When Hurricane Harvey brought devastating wind and rain to southeast Texas, many of the area’s residents stood witness. Despite orders to evacuate, many Texans stayed with their homes, watching as the storm uprooted their picket fences, flooded their streets, and submerged their highways. These powerful images, taken by readers during Harvey and its aftermath, help shed more light on the scope of the storm, depicting everything from sinking couches to a gator in the gutter. Read on to see the photos and experiences shared by readers, told in their own words.

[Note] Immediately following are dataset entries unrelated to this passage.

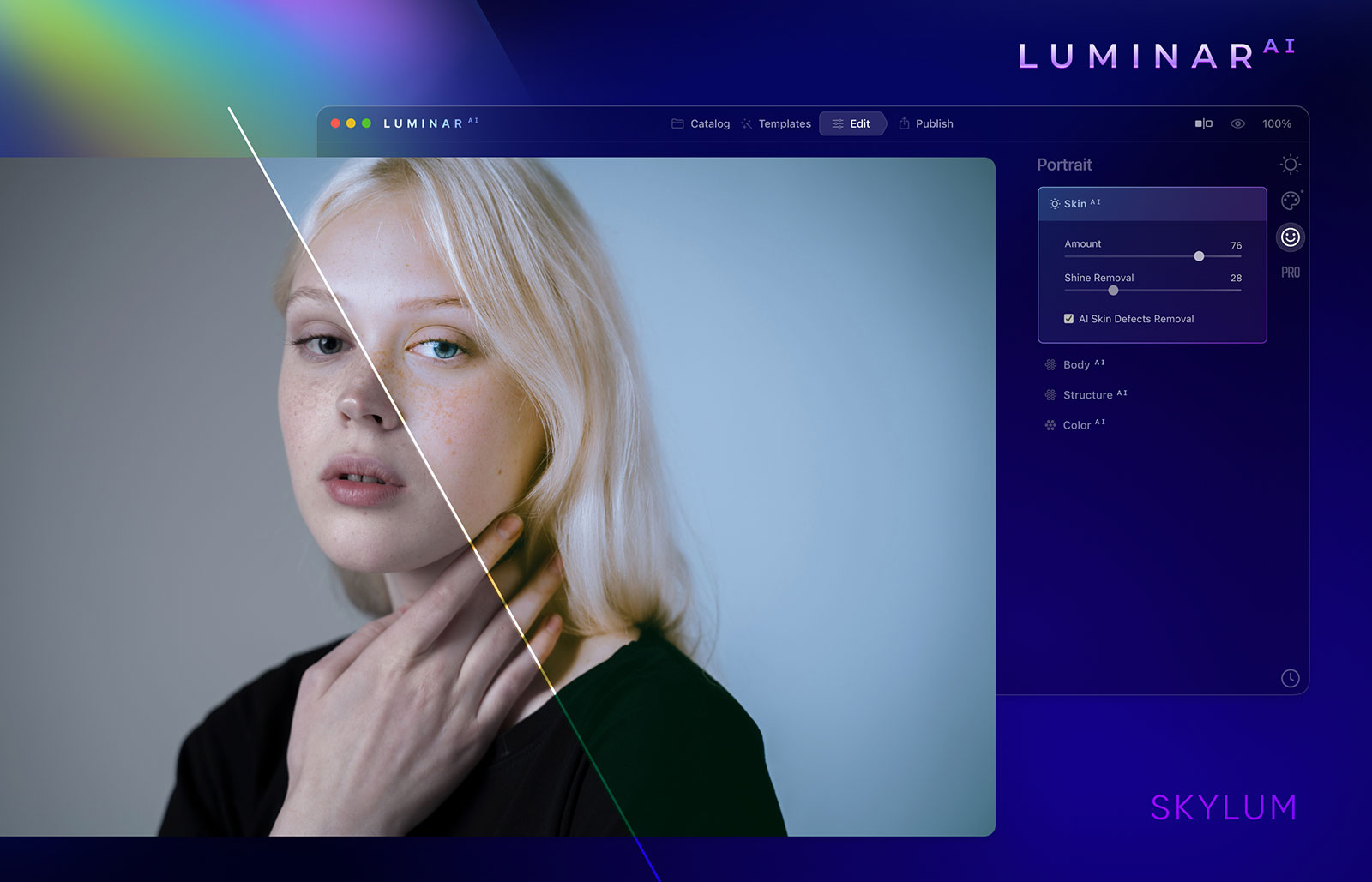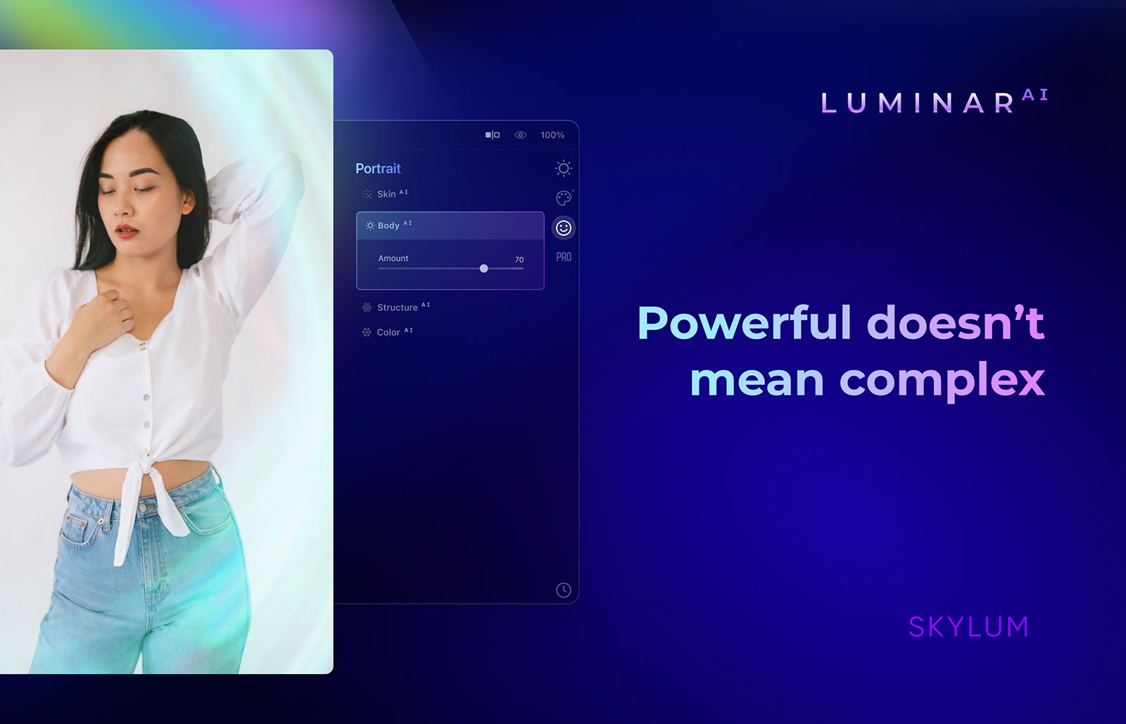 On the portrait side, tools like BodyAI and FaceAI help to gently sculpt and refine a portrait. Eyes can come to life with IrisAI, and blemishes and imperfections can be removed with SkinAI.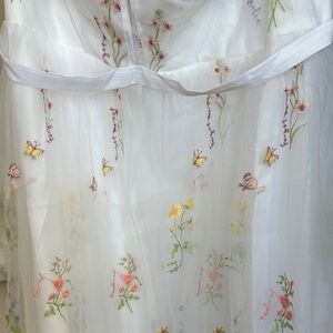 Elegant white dress with colorful floral embroidery, perfect for any occasion corset fitted bodice whit maxi skirt covered with embroidered tulle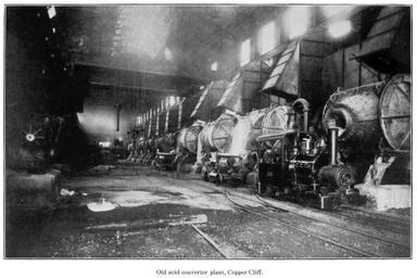 Keywords: Canadian Copper Company acid converters.png fr Un alignement des 10 convertisseurs acides Manhès-David type Allis-Chalmers exploités par la Canadian Copper Company avnt 1911 La cornue métallique faisait 84 < 126 pouces Si la matte de départ contenait 36 Ni+Cu le revêtement acide durait 8 heures ou 7 tonnes de matte convertie à 80 Ni+Cu ; chaque soufflage durant 1h 5 min Si la matte de départ contenait 30 Ni+Cu le revêtement acide durait 5 3 tonnes de matte convertie chaque soufflage durant 1h 15 min en A set of the 10 Manhès-David acid converters Allis-Chalmers type operated by the Canadian Copper Company before 1911 The shell was 84 x 126 inches If the starting matte was 36 Ni+Cu the acid lining lasted 8 hours or 7 tons of 80 Ni+Cu converted matte ; each blow lasting 1h 5min If the starting matte was 30 Ni+Cu the acid lining lasted 5 3 tons of converted matte ; each blow lasting 1h 15min 1913 https //archive org/details/nickelindustrywi00cole The nickel industry; with special reference to the Sudbury region Ontario plate XLIX Arthur Philemon Coleman other versions Custom license marker 2015 06 07 pd-old pd-us Uploaded with UploadWizard Manhès-David converters Canadian Copper Company nickel smelter |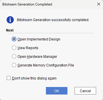 Once the bitstream is successfully generated, close any âBitstream Generation Completedâ dialog which comes up asking for what to do next.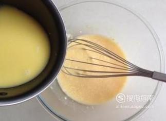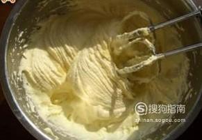 将鸡蛋打散备用,往黄油中加入糖粉搅拌均匀,然后加入蛋液,蛋液要多次少量加入,打发至蓬松。
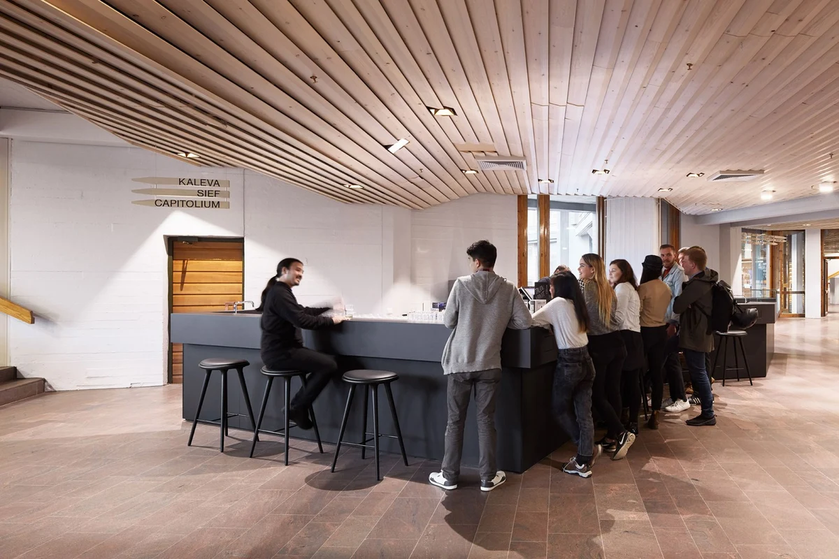 Así mismo, el edificio acoge al personal administrativo de la universidad y cuenta con varios cafés y restaurantes que atienden a toda la comunidad académica y a los vecinos del barrio de Otaniemi. Un nuevo servicio que acentúa su vocación plural y participativa para beneficio de toda la comunidad.

"We were very fortunate and did not experience any flood damage in our home. We happen to live in a development that drains really well. Many of our friends were not so lucky. During the storm we stayed in our home and watched The Weather Channel for what felt like weeks, but was actually only days. We were seeing the rescues happening all over, but when we looked outside it wasn't that bad. A friend of ours who lives in Brookside Village had a couple of feet of water in her home. We wanted to help, so on August 30 we decided to go out and get some feed for her animals. On our way to her house we were able to see some of the devastation here in Pearland, and it was terrible. That's when I took this photo. After experiencing the four hurricanes of 2004 in Florida, and losing my home to wind and rain from them, this was not at all what I was expecting. I've never seen a hurricane do what Harvey did to this area."
"This is from Houston's Third Ward, along Brays Bayou—or in the neighborhood just south of it, Riverside Terrace. I moved here in mid July, so I'm still new to the neighborhood. I've lived in Houston for over a decade, though."
"This was taken Monday morning in Brazoria County, just east of Lake Jackson. The detail you have to strain to see are the two buzzards on the roof. When I saw them, I said to my son—who was in the car—'There are the last responders.' I almost felt guilty because of the still beauty of the light and the reflection — knowing that at its essence this was someone's heartbreak."
"The grim face set off by the bright colors of the umbrella is a nice juxtaposition. It says a lot about the mood that day, and also about the grit and determination of Houstonians. I snapped this picture on the Scott Street bridge over Brays Bayou on August 27. I talked to him after I took the pictures. His name is Troy. Very nice guy."
"This isn't my first time documenting a tropical storm. However, this storm felt powerful, and it was the first time while working on street photography that I not only knew anything could happen, but I very much felt it too. So I wrapped my Canon in a brown plastic Kroger bag and started walking in the rain around downtown. I'm familiar with taking photos in the rain, as I do it often, but documenting Harvey was nothing short of surreal."
"This is only about a block and a half from my own house. I was extremely relieved that the flooding spared our home. The night before, it was rising very fast out in the street. It rose about a foot in only 20 minutes when the rainwaters overwhelmed the storm drains. The water started creeping up the lawn toward our house. We just moved in, and didn't have time to get flood insurance. I planned on buying it, even though we are just outside the 500-year flood line, but hadn't had time yet. Fortunately, the waters crested, and started receding in a rushing torrent down the street. Unfortunately, those waters probably ended up in someone else's home."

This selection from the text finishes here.